In some ways it means very little to me. I’ve spent a lot of time recording, analysing sounds and getting involved in the production of music. It’s only since starting this new band [Foxbat, a new side project with guitarist Keith Hawkins] that I’ve started getting excited by other people’s music again. I’ve taught myself to listen again. So ‘nothing but everything’ is probably the answer to your question.

Why has starting the new band made a difference?
How I listened to music and what it meant when I was a kid discovering bands like Purple, Sabbath, AC/DC, Led Zeppelin is nothing like it usually is when I’m writing and producing music. But now I’m listening again. There are three rooms in my house where there’s always music: the office, the lounge and the bedroom. The office is usually where I’m working on The Reasoning stuff. But I’ve moved a sofa in there and now call it “the listening lounge” and I can lie there and listen. I try to listen to one complete album every day – and I’ve not done that since I was 21. I’m getting back some of that initial excitement I felt when I was a kid.

So what did rock music mean to you when you were a kid?
It was excitement and mystique 24/7 – it pointed to a world you never got to see. The music was overwhelming. It got your head nodding and made you want to dance. Not many things do that, and that’s fantastic, that’s magical.

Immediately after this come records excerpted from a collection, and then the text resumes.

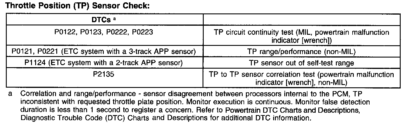 Throttle Position (TP) Sensor Check:
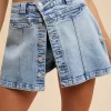Button Detail Stretch Denim Wrap Mini Skort – Medium Washed Denim
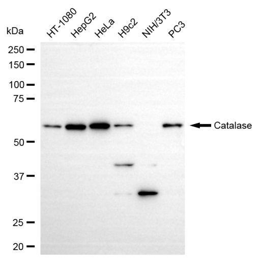 • Western blotting analysis using catalase antibody. Total cell lysates (30 μg) from various cell lines were loaded and separated by SDS-PAGE. The blot was incubated with catalase antibody and HRP-conjugated goat anti-rabbit secondary antibody respectively.

Who was the first artist to make an impression on you?
Queen, then Status Quo and AC/DC. My first single was ‘Bohemian Rhapsody’.  I was only four or five and got it while out shopping with my mum.

Matt Cohen - photo by Ant Clausen

Photo by Ant Clausen

Tell us about an album, song or lyric that means a lot to you?
Song: Iron Maiden – ‘Stranger in a Strange Land’. It was the first time I heard Maiden groove and it blew my mind.

Album: Iron Maiden – Killers. Hearing everything rising up and coming together. The power! The melody!

Lyric: Queen – ‘Mother Love’ from Made in Heaven. Those lines Freddie sings about not regretting a thing and wanting to go back into his mother’s womb. It’s very moving. Also ‘How Far to Fall’ by The Reasoning [from Dark Angel]. Rachel wrote it about a dream I had.

An artist who has stayed with you over time?
Iron Maiden. Steve Harris has been one of the biggest influences on my life musically. I remember seeing Maiden in Cardiff on the Piece of Mind tour. Just to see this guy with long hair flying across the stage and ‘shooting’ people with his bass was awesome. But also the way he used the bass as a lead instrument and the melody of his bass lines. He’s still in my top five bass players of all time.

So who are the other four?
John Deacon, Roger Glover, John Paul Jones and John Myung. John Deacon plays some ridiculously clever stuff. Roger Glover is so solid and plays some nice little things. I also love his production work. John Myung is very flash, not that I really want to play like that myself, and probably couldn’t anyway, but I’ve got to have one flash player in there!  And John Paul Jones is the master of melody. In fact all four, along with Steve Harris, are very melodic bass players.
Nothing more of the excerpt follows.